--- What needs to be done ---
Lines before the one containing "由图3可见,2台单点称重传感" are to be left out; that line and every line after it, through the last line below, are to be reproduced exactly.

--- Data ---
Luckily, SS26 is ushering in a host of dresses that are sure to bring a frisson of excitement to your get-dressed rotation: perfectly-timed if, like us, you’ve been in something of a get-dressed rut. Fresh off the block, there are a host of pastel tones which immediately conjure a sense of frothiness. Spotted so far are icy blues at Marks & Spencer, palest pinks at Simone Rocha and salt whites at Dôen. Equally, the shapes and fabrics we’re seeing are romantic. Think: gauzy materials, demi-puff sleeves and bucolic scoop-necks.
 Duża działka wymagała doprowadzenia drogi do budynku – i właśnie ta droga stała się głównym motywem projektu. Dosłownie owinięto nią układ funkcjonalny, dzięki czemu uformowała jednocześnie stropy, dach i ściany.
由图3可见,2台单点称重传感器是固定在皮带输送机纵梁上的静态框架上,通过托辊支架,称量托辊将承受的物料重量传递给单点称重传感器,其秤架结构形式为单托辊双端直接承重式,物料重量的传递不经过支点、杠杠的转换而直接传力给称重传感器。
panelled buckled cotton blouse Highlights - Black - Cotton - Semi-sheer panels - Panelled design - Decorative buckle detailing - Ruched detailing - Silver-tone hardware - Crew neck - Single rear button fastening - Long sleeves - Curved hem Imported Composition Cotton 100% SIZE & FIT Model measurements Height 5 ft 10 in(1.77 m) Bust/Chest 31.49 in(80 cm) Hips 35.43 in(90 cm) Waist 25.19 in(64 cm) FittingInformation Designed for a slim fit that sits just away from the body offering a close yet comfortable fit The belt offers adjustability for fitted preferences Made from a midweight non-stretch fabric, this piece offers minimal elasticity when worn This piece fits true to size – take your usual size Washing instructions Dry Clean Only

--- Result of this exercise ---
由图3可见,2台单点称重传感器是固定在皮带输送机纵梁上的静态框架上,通过托辊支架,称量托辊将承受的物料重量传递给单点称重传感器,其秤架结构形式为单托辊双端直接承重式,物料重量的传递不经过支点、杠杠的转换而直接传力给称重传感器。
panelled buckled cotton blouse Highlights - Black - Cotton - Semi-sheer panels - Panelled design - Decorative buckle detailing - Ruched detailing - Silver-tone hardware - Crew neck - Single rear button fastening - Long sleeves - Curved hem Imported Composition Cotton 100% SIZE & FIT Model measurements Height 5 ft 10 in(1.77 m) Bust/Chest 31.49 in(80 cm) Hips 35.43 in(90 cm) Waist 25.19 in(64 cm) FittingInformation Designed for a slim fit that sits just away from the body offering a close yet comfortable fit The belt offers adjustability for fitted preferences Made from a midweight non-stretch fabric, this piece offers minimal elasticity when worn This piece fits true to size – take your usual size Washing instructions Dry Clean Only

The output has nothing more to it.